Having a creative brain can often be incredibly frustrating. I have big dreams and tons of ideas running through my brain at all times. Literally, at all times! I sit at my desk and find it hard to focus during the day because my brain is wanting to create. I wake up in the middle of the night thinking about chair placement for a clients living room or a wall color that I am just craving for! So, what I like to do to relieve my creative brain is paint or sketch
Yep, something else to do, but I love it and I find it to be a calming release for me. Painting really is my therapy. I don’t even have to have wine while I paint. LOL I just like to sit and smear lots of colors together. Sometimes it turns out pretty decent and sometimes I just say “what the heck is that supposed to be?” Either way, I can always calm my nerves and my brain gets a release when I paint or sketch. I am hoping to start a new line of paintings. Lots of people like my little love birds and have requested a way to purchase them.
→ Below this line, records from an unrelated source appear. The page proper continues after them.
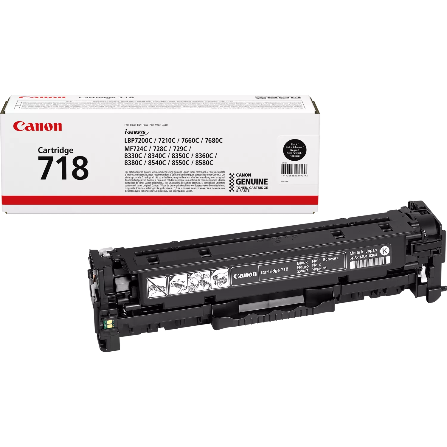 Canon 718BK (2662B002) : toner noir Tout-en-un avec rendement de 3 400 pages selon ISO 19798. Tirages monochromes nets et sans traces pour documents professionnels. Cartouche authentique Canon garantissant résultats détaillés et longue durée de vie. Compatible 15 imprimantes i-SENSYS incluant MF729Cx, MF728Cdw, MF724Cdw, LBP7200Cdn, LBP7210Cdn. Norme RoHS conforme. Programme recyclage gratuit pour planète !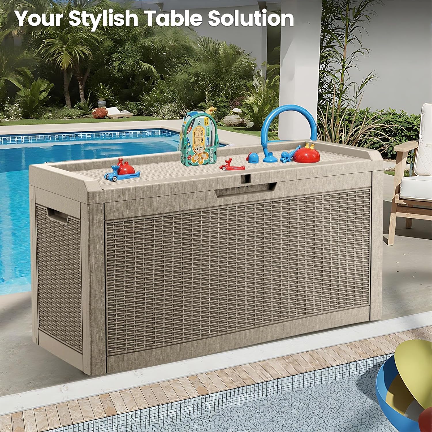 - Elegant Rattan Design: Showcasing a chic rattan effect, this deck box enhances the aesthetic of your patio, garden, or pool area. Its contemporary design seamlessly blends with any outdoor decor while offering practical storage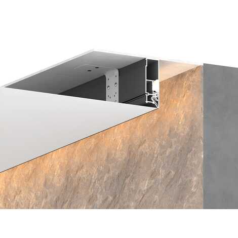 Профиль позволяет элегантно «завершить» натяжной потолок, обеспечивая ровный закрытый край с подсветкой, скрытой за рассеивателем. Идеален для создания ниш для штор, переходов уровней, обходов лестниц, обходов реек с подсветкой, а также парящих потолков и других дизайнерских решений. Обновлённая система фиксации уголка и удобные пазы для стыковки под соединители облегчают установку. Профиль поставляется в комплекте с уплотнителем, уголком, рассеивателем и двумя короткими прямыми соединителями.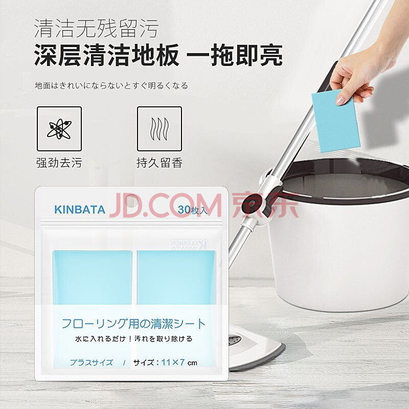 商品相册:KINBATA日本地板清洁片多效清洁强力去污护理增亮家用地板清洁片30片*3包第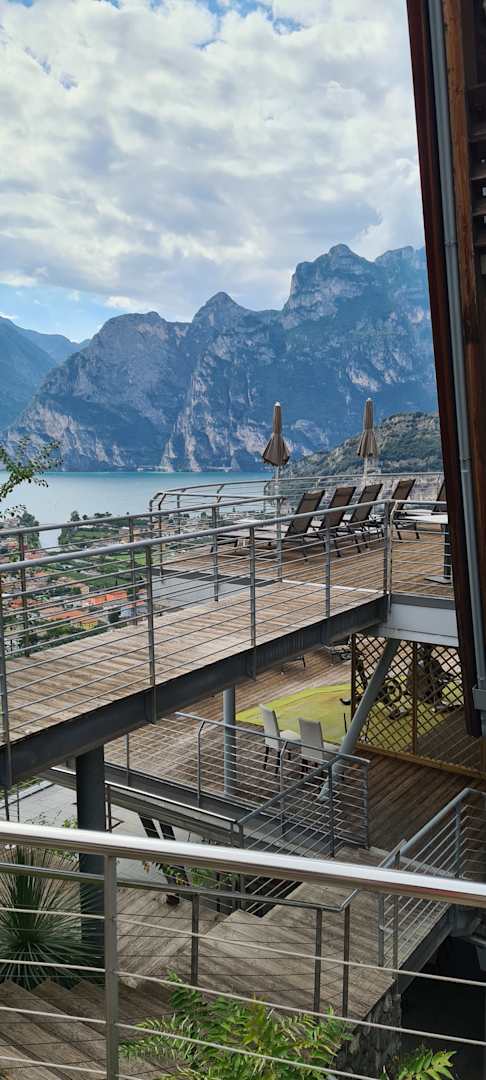 Blick vom Pooldeck Richtung Hotelzimmer und Gardasee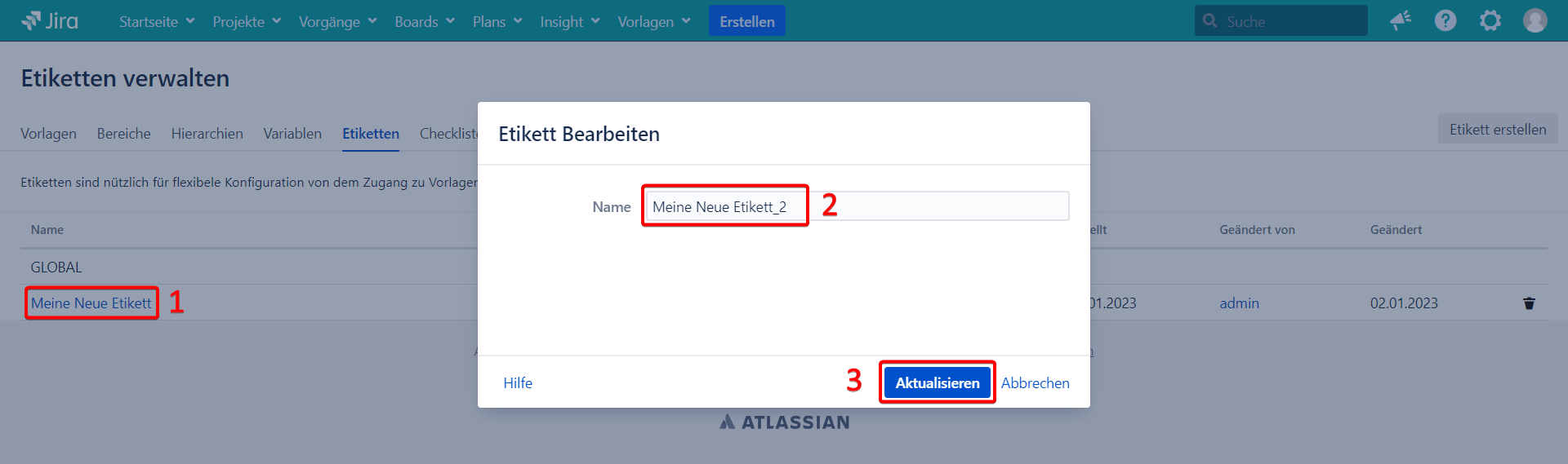 Ändern Sie den Namen des Etikett.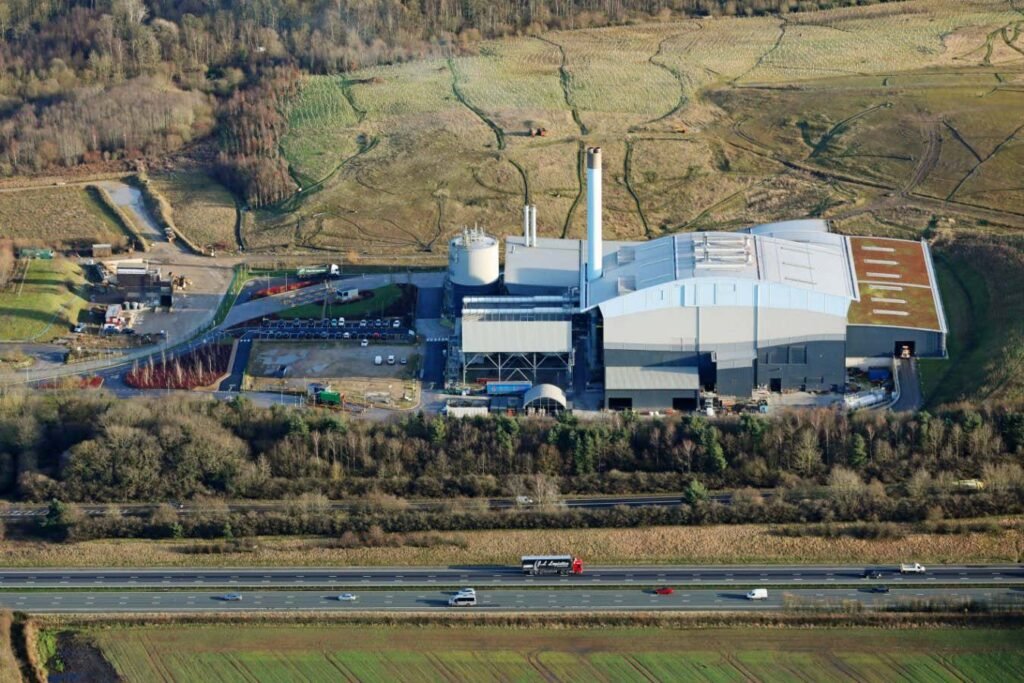 2AFX2PH Aerial view of Allerton Waste Recovery Park on the A1(M) near Harrogate, North Yorkshire, UK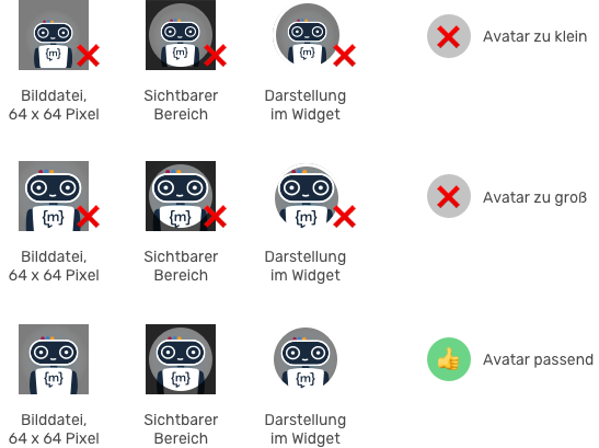 It is recommended to use the Moini design, as this avatar has already been fully optimised for the widget's technical and visual requirements.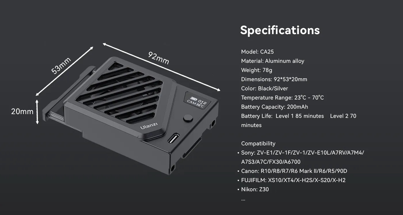 Chladicí ventilátor pro fotoaparáty Ulanzi CA25 je skvělá investice, zejména v letních měsících, kdy se fotoaparáty při delším používání snadno přehřívají. Je navržen pro fotoaparáty Sony, Canon a FUJIFILM a účinně zabraňuje přehřívání, takže váš fotoaparát podává nejlepší výkon i v horkých podmínkách. Je to nezbytné příslušenství pro udržení optimálního výkonu a zabránění potenciálním problémům způsobeným nadměrným zahříváním během fotografování. Kompatibilní s fotoaparáty jako Sony ZV-E1/ZV-1F/ZV-1/ZV-E10L/a7RV/a7 IV (A7M4)/a7S III (A7S3)/A7C/FX30/A6700, Canon R10/R8/R7/R6 Mark II/R5/90D, FUJIFILM XS10/XT4/X-H2S/X-S20/X-H2, Nikon Z30 a další.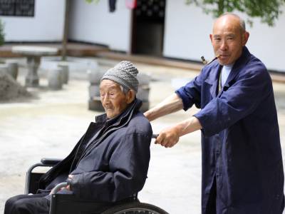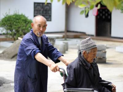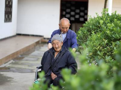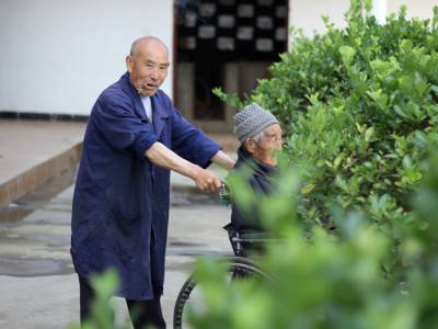 6月15日,巴东县金果坪乡石板水村向玉国推着“老父亲”在院子里晒太阳。父爱如山,深沉而厚重。在父亲节即将到来之即,不少儿女都以自己特有的方式来表达对父母的感激和敬重,以弥补平时对他们的疏忽。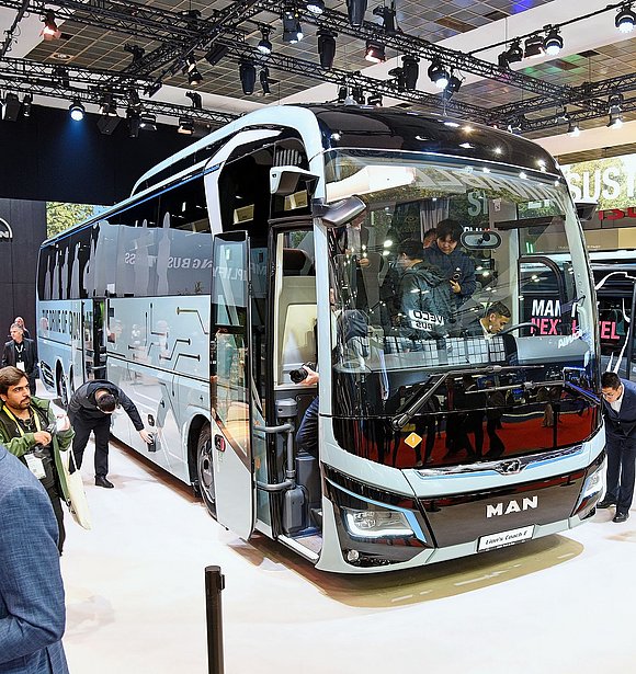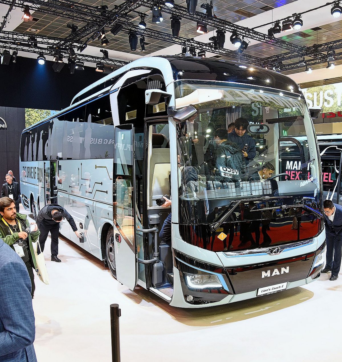 Mit der Weltpremiere des Lion’s Coach 14 Electric präsentiert MAN als erster europäischer Hersteller einen batterieelektrischen Reisebus. Der Dreiachser verfügt über vier bis sechs NMC-Batteriepakete (Kapazität 320 bis 480 kWh), welche für bis zu 650 km Reichweite gut sind. Dabei bleibt der Gepäckraum praktisch unangetastet, was im Reisebus-Segment von besonderer Bedeutung ist. Serienstart ist im kommenden Jahr, weitere Versionen sind in Planung.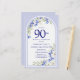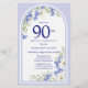 L'élégant modèle d'invitation à la fête du 90e anniversaire dispose d'une arche fleurie Boho faite de marguerites blanches et de fleurs sauvages bleus. Cet article fait partie de la collection Boho Arch Blue and White Floral Collection.

I hope to eventually recreate some of my paintings that you will be able to purchase for your own space. Recently I was asked to paint an angel. That will be new for me, but this brain of mine already has the vision I just need to grab my brushes and find a quiet spot.
I think another reason why I am liking this blog thing is because I enjoy writing. I have always wanted to write. When I was a little girl I kept a diary and I bet I wrote in that thing every night some sort of drama, especially during my teen years. I recently found my diary when we moved. I sat down and read through some of it and thought to myself oh the things I used to stress about as a kid. Boys, parents, friends, losing my beloved pets and I even found some early drawings. I used to love to draw horses when I was a teenager, but as an adult finding the time to draw has been few and far between. You know how life just seems to happen and after college, marriage and children I have found it very difficult to find the time to write, sketch, and paint. Geezzz, no wonder my brain stays so stressed. I have so many irons in the fire. I have a day job that pays me, a family to care for, civic responsibilities, and my hobby that I am trying to switch into a money making business. My sister and I have rental property that we manage and my father is in poor health. I am spread pretty thin, but somehow I manage to get it all taken care of by remembering to just take one day at a time.
So now, with all that being said, I am forcing myself to find at least one hour a day to work on my business. I want to use this creative brain to not only make things pretty but to serve others. I want to serve the people that follow my social media outlets and people in my community that ask me things like “how do I make a wreath?” or “what color should I paint my dining room walls?” I love teaching and helping others. I hope that this blog will serve as an outlet for me to do just that, teach and inspire and help distress my creative brain. LOL I can’t promise you everything, but I can give you a little bit of something I hope you can take and use in your life or in your home.